▶ Work item
An exact copy of the lines from the top of the data through the line with "Un personnage de" is what you should give, with no pictures in it.

▶ Data block
========================================================================

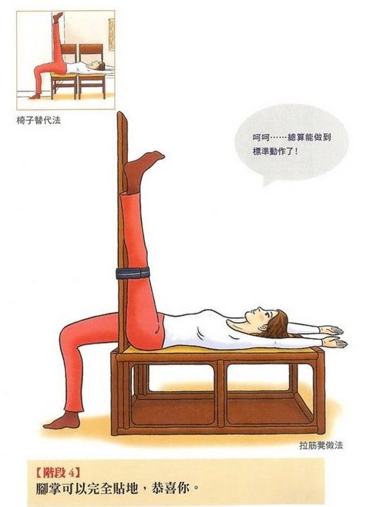 • 進一步拉緊仍然要遵守可以緊,可以酸,但就是不能痛!的原則,否則筋仍然會被扯裂!
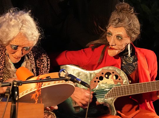 Un personnage de l’ombre tire les fils de l’histoire, une musicienne nous enveloppe des sons d’un étrange orgue à bouche tandis qu’un homme et une femme risquent à tout moment de passer au travers du plateau en tentant vainement de se rejoindre. Tout chute et s’écroule dans un éternel et impressionnant recommencement.
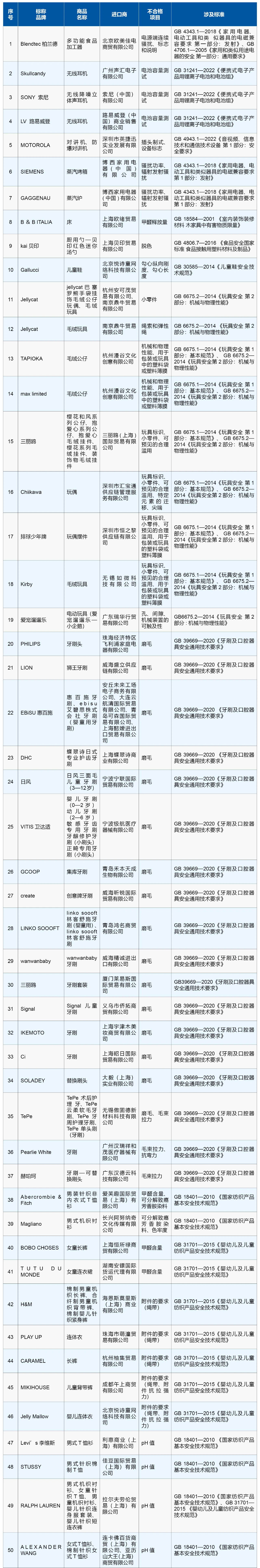 據(jù)海關(guān)總署介紹,不合格情況包括進(jìn)口小家電電池容量測試、電器輻射發(fā)射項目不合格;進(jìn)口玩具機(jī)械和物理性能、小零件項目不合格;進(jìn)口服裝甲醛含量、可分解致癌芳香胺染料超標(biāo);進(jìn)口家具甲醛釋放量超標(biāo);進(jìn)口牙刷磨毛不合格等。

========================================================================

▶ Response area
 • 進一步拉緊仍然要遵守可以緊,可以酸,但就是不能痛!的原則,否則筋仍然會被扯裂!
 Un personnage de l’ombre tire les fils de l’histoire, une musicienne nous enveloppe des sons d’un étrange orgue à bouche tandis qu’un homme et une femme risquent à tout moment de passer au travers du plateau en tentant vainement de se rejoindre. Tout chute et s’écroule dans un éternel et impressionnant recommencement.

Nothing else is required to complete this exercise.